- Work order -
Once the line containing "若鮎の塩焼きに添えられている蓼酢は長刀鉾を模した容器" is found in the entries below, restate it and each following line word for word, stopping after the line containing "一気に広がるきっかけとなった".

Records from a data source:
━━━━━━━━━━

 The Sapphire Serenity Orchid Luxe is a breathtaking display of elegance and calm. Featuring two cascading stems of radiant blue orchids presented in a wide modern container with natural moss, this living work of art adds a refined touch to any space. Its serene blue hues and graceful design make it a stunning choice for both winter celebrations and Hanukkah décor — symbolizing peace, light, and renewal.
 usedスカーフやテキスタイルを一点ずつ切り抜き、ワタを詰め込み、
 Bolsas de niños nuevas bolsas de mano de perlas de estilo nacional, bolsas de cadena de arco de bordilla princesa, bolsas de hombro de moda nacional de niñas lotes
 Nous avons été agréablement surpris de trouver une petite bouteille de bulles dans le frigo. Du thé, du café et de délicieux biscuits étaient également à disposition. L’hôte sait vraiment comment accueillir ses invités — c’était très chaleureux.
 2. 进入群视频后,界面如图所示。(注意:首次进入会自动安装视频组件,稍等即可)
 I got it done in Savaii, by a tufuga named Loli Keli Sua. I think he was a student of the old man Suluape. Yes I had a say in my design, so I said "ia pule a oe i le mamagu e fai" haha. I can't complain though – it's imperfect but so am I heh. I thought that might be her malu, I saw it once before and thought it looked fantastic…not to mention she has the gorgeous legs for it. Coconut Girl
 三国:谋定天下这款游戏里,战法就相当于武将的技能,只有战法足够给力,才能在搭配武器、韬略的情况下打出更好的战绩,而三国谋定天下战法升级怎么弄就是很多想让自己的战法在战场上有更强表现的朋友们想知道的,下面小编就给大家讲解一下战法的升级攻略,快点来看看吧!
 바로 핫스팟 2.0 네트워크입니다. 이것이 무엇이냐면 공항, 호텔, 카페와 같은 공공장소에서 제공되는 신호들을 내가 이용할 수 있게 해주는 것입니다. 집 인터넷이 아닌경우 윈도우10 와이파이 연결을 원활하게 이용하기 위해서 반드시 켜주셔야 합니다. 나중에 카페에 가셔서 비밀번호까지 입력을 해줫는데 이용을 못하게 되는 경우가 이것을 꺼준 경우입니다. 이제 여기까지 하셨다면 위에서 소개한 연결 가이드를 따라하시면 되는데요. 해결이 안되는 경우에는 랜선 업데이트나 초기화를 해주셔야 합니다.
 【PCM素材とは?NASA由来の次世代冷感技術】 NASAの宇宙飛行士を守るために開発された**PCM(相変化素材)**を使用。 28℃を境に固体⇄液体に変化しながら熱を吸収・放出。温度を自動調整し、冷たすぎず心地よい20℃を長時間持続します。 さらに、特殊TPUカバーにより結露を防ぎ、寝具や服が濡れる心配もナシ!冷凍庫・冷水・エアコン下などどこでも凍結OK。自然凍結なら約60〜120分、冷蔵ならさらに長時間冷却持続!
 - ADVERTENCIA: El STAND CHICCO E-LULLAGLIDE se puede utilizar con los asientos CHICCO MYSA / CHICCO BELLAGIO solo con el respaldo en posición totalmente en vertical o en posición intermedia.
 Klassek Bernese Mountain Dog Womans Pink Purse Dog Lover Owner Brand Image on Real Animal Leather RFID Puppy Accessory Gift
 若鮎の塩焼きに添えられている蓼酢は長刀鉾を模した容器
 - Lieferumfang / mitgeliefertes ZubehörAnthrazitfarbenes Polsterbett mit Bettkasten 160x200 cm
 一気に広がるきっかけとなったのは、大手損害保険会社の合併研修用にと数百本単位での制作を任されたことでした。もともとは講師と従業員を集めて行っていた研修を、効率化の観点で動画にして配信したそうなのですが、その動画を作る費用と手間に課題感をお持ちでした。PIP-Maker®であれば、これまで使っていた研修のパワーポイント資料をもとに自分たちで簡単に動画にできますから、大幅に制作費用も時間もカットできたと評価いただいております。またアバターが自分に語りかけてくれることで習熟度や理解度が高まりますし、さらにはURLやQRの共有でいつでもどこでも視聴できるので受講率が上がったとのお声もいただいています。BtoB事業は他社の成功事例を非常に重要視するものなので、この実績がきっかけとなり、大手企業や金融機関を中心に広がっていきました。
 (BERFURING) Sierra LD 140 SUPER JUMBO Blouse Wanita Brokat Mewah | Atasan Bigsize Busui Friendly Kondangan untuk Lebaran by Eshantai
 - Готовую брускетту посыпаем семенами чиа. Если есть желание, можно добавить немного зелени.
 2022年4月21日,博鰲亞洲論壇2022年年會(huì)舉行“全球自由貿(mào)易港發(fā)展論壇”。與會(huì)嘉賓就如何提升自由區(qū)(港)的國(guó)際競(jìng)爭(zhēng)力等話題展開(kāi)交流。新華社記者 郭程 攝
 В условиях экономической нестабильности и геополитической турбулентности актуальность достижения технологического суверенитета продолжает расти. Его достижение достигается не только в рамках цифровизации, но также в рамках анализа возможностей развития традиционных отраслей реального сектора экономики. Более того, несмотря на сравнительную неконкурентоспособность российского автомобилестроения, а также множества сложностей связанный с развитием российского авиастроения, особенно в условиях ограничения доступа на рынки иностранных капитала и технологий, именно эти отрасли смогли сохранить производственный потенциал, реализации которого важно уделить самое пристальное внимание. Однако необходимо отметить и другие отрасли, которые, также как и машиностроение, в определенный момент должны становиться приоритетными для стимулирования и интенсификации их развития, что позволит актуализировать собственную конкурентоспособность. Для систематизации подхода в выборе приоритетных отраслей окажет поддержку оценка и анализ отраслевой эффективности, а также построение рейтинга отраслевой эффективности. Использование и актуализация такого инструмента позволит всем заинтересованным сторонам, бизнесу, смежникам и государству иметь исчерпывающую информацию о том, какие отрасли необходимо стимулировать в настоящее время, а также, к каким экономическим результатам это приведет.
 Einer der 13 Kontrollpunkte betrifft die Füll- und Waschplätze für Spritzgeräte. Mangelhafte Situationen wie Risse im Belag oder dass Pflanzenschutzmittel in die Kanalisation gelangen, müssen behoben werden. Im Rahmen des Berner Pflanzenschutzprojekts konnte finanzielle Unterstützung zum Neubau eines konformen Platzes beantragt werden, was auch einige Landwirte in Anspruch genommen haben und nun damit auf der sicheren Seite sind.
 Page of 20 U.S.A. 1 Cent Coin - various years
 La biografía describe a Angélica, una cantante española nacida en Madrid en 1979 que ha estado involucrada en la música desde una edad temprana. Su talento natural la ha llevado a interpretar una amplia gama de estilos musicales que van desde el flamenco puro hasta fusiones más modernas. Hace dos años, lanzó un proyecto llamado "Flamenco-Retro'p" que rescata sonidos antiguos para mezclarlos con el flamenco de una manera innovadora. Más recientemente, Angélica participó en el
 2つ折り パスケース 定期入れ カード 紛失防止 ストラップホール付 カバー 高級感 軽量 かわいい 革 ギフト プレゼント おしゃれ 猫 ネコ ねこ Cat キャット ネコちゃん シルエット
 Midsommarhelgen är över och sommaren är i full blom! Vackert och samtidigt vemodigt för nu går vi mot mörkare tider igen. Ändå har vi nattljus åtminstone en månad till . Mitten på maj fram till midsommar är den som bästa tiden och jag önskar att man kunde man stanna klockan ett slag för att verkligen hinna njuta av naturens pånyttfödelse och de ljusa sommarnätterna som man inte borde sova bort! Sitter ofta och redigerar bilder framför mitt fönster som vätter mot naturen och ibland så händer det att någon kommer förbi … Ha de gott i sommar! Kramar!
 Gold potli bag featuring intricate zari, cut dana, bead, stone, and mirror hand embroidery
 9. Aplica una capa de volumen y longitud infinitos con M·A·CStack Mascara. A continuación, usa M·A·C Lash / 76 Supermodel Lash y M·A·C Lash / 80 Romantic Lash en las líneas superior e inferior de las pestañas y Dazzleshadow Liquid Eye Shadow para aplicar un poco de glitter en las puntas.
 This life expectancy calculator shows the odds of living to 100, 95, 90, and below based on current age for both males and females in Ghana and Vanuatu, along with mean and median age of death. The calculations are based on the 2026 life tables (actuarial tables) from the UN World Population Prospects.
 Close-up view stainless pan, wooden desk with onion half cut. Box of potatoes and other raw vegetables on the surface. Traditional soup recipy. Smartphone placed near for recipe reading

━━━━━━━━━━

- Answer below -
 若鮎の塩焼きに添えられている蓼酢は長刀鉾を模した容器
 - Lieferumfang / mitgeliefertes ZubehörAnthrazitfarbenes Polsterbett mit Bettkasten 160x200 cm
 一気に広がるきっかけとなったのは、大手損害保険会社の合併研修用にと数百本単位での制作を任されたことでした。もともとは講師と従業員を集めて行っていた研修を、効率化の観点で動画にして配信したそうなのですが、その動画を作る費用と手間に課題感をお持ちでした。PIP-Maker®であれば、これまで使っていた研修のパワーポイント資料をもとに自分たちで簡単に動画にできますから、大幅に制作費用も時間もカットできたと評価いただいております。またアバターが自分に語りかけてくれることで習熟度や理解度が高まりますし、さらにはURLやQRの共有でいつでもどこでも視聴できるので受講率が上がったとのお声もいただいています。BtoB事業は他社の成功事例を非常に重要視するものなので、この実績がきっかけとなり、大手企業や金融機関を中心に広がっていきました。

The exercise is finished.